Teresa stared across the square after the dog, which had run off seeming to think she would chase him. She looked right, towards the back wall of the Casa do Povo, and left towards the hardware shop and butcher’s. She reached up for her ponytail, which she wore high on the crown so that it spurted like a black fountain from her head. Sighing, she twisted it round her finger. It was all very well, she thought, to be alert. But what was there to see?
She often felt, and she hoped it was not conceited, that her powers of observation were somehow keener than those of other people. In the spring, when the wildflowers came, she never said in that cheap way, oh how pretty, to hide the fact of indifference. How many others, in all honesty, had noticed that SenhorVasco was building a wall of fat to conceal his deep, deep sadness? It was possible that she was the only one to shiver inside when Dona Linda licked the tip of her finger and stroked her son’s moustache.
It was a blessing and also a curse and there was nothing she could do but live with it.

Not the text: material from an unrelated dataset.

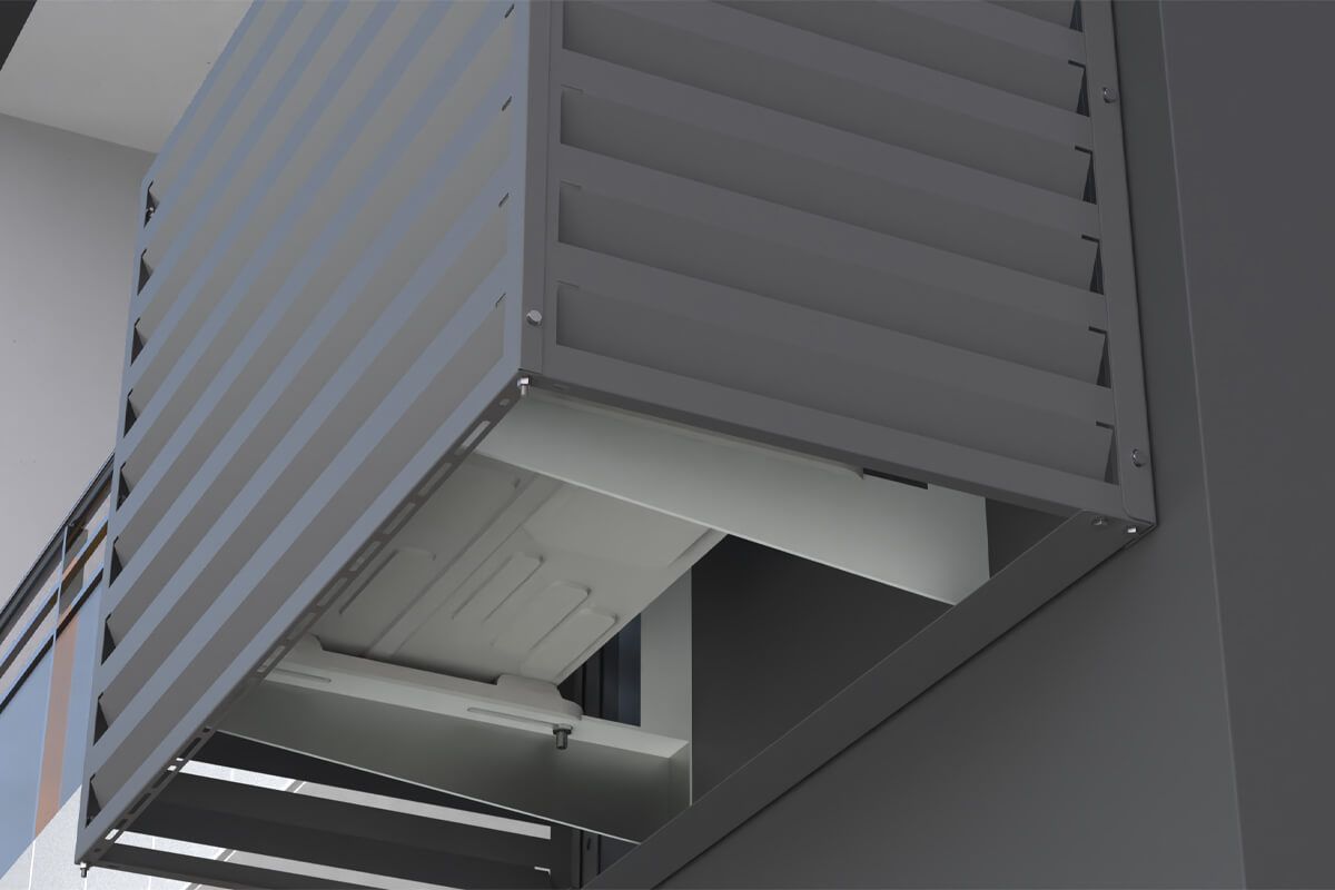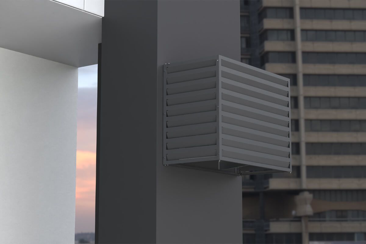 Панели для кондиционера Fachmann размером 1300х1050х650 с перфорацией «Ламели» надежно защищают наружный блок кондиционера и дополняют внешний вид фасада здания. Панели для внешнего блока кондиционера выполнены из оцинкованной стали и защищены атмосферостойким порошковым покрытием. Панели для кондиционера на фасад имеют сборно-разборную конструкцию, что позволяет легко монтировать и обслуживать наружный блок.

She wished someone would come and see her now. She took the letter out of her pocket and tapped it on her sleeve as if it were bait. Her spirits ran so high she could scarcely breathe. She wanted someone – Clara, Paula, anyone – to see her and wonder what it was that was making her glow. Of course she couldn’t tell them, she couldn’t say, not before breaking the news to her mother, and to Antonio – oh, how would she tell Antonio? – but she needed a witness now, someone to declare that
something
was up with Teresa.
‘Senhora Carmona! Good morning.’ Teresa sprang off the wall and stuffed the letter back in her pocket. Senhora Carmona had arrived silently like an old black cat, whiskers twitching.
She came forward and held Teresa’s wrist. Teresa felt the tremble in the old woman’s hand. ‘My dear, my dear. But is it closed?’ Her face shook with the effort of speech.